Tegen het arrest van het hof heeft [eiser] beroep in cassatie ingesteld. De cassatiedagvaarding is aan dit arrest gehecht en maakt daarvan deel uit.
[Verweerster] heeft geconcludeerd tot verwerping van het beroep.
De zaak is voor partijen toegelicht door hun advocaten.
De conclusie van de Advocaat-Generaal C.L. de Vries Lentsch-Kostense strekt tot verwerping van het beroep.
De advocaat van [eiser] heeft bij brief van 29 december 2003 op die conclusie gereageerd.
3. Beoordeling van het middel
3.1 In cassatie kan van het volgende worden uitgegaan.
(i) [Eiser], geboren op [geboortedatum] 1941, was van 1 januari 1972 tot 1 januari 2002 in dienst bij [verweerster]. In het jaar 2001 bedroeg zijn maandinkomen ƒ 18.043,-- exclusief vakantiegeld. Op grond van art. 13 A van de tussen partijen van toepassing zijnde CAO zoals deze in 1998 is totstandgekomen, eindigde de dienstbetrekking van [eiser] per 1 januari 2002 van rechtswege wegens het bereiken van de maximale opbouw van het ouderdomspensioen.
(ii) Vanaf 11 september 2000 tot 20 juli 2001 is [eiser] ten gevolge van overspannenheid volledig arbeidsongeschikt geweest. In verband hiermee heeft hij vanaf 20 juli 2001 tot 20 augustus 2001 50% van de volledige arbeidstijd gewerkt.
(iii) In april 2001 hebben [eiser] en [verweerster] gesproken over hun samenwerking in de toekomst. Beide partijen waren toen niet ervan op de hoogte, althans waren zich niet ervan bewust, dat de dienstbetrekking van [eiser] op grond van voornoemde CAO per 1 januari 2002 van rechtswege zou eindigen.
(iv) [Verweerster] heeft na dat overleg bij ongedateerde brief aan [eiser] een voorstel gedaan dat, kort gezegd, inhield dat [eiser] zijn dienstbetrekking per 1 augustus 2001 zou beëindigen, met zogenaamd pre-pensioen zou gaan en tegelijk een overeenkomst zou aangaan met [verweerster] tot het verrichten van enkele diensten; hierbij zou [eiser] ter compensatie van het feit dat ten gevolge van zijn pre-pensioen zijn inkomen lager zou zijn vanaf 1 augustus 2001 vier jaar op parttime basis voor [verweerster] het project "klanteninformatie- en klanteninstallatiefiles" gaan uitvoeren. [eiser] heeft dit voorstel op 19 juli 2001 afgewezen omdat het hem niet goed leek dit project over vier jaar uit te smeren.

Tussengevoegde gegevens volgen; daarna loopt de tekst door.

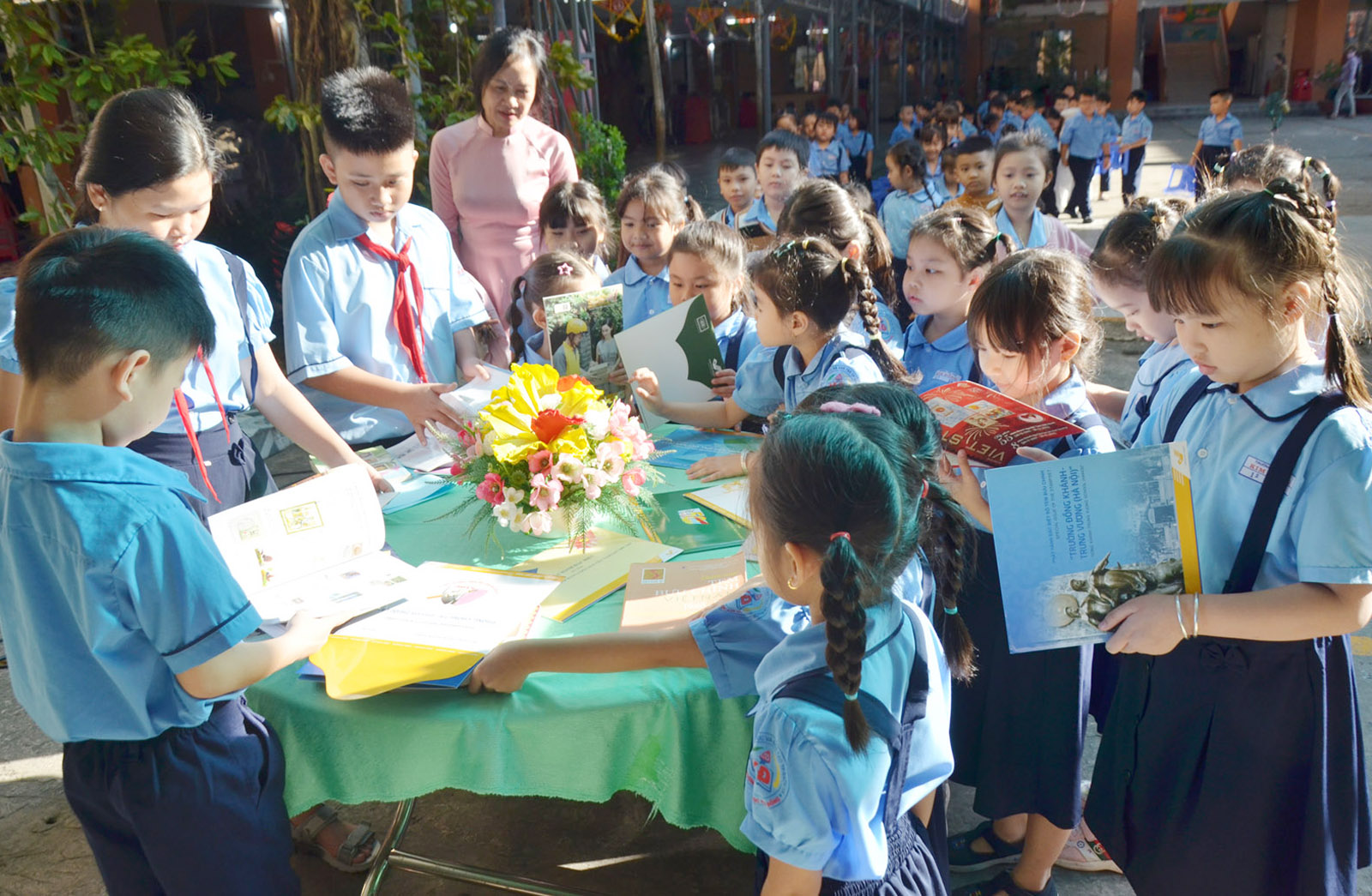 Học sinh Trường Tiểu học Kim Đồng, phường Rạch Giá tham khảo sách hướng dẫn sưu tập tem

(v) Vervolgens heeft [verweerster] bij brief van 20 juli 2001 aan [eiser] een aangepast voorstel gedaan, dat in zoverre van het vorige voorstel afweek dat [eiser] het project van 2 januari 2002 tot 20 december 2002 zou uitvoeren gedurende 1500 uren tegen een uurtarief van ƒ 142,-- (totaal ƒ 213.000,--). In deze brief staat voorts vermeld, dat indien [eiser] zich met dit voorstel kon verenigen, [verweerster] graag de bij die brief gevoegde overeenkomst met bijlage binnen veertien dagen door hem ondertekend retour wil ontvangen. [Eiser] heeft dit voorstel niet binnen genoemde periode van veertien dagen geaccepteerd.
(vi) Bij brief van 13 september 2001 heeft [verweerster] aan [eiser] het volgende medegedeeld:
"Wij refereren aan het aan u gedane voorstel van 20 juli jongstleden. Onlangs hebt u mij mondeling meegedeeld dat u dit voorstel niet accepteert. Voor de volledigheid bevestigen wij u hiermee dat het voorstel wordt ingetrokken.
Ingevolge art. 13 a van de vigerende CAO eindigt uw dienstverband van rechtswege zonder dat opzegging is vereist met ingang van de eerste dag van de kalendermaand waarin u de maximale opbouw bereikt van het vroeg-pensioen. Het vorenstaande betekent dat uw dienstverband eindigt met ingang van 1 januari aanstaande."
(vii) Bij brief van 11 oktober 2001 heeft [eiser], bij monde van zijn raadsman, tegen de brief van 13 september 2001 geprotesteerd. In de brief betoogt [eiser] dat [verweerster] altijd tegen hem heeft gezegd dat hij tot zijn vijfenzestigste zou kunnen blijven werken en dat de brief van 20 juli 2001 daarop ook duidt, en voorts dat [verweerster] - evenals hijzelf - ook ervan is uitgegaan dat [eiser] naar eigen keuze gebruik zou kunnen maken van de pre-pensioenregeling. [Eiser] concludeert dat hij heeft gedwaald, dat hij het voorstel van [verweerster] zou hebben aanvaard indien hij had geweten dat de arbeidsovereenkomst van rechtswege zou eindigen per 1 januari 2002, en dat hij daarom het voorstel alsnog accepteert met dien verstande dat hij de voorkeur eraan geeft een nieuwe arbeidsovereenkomst aan te gaan voor de duur van één jaar.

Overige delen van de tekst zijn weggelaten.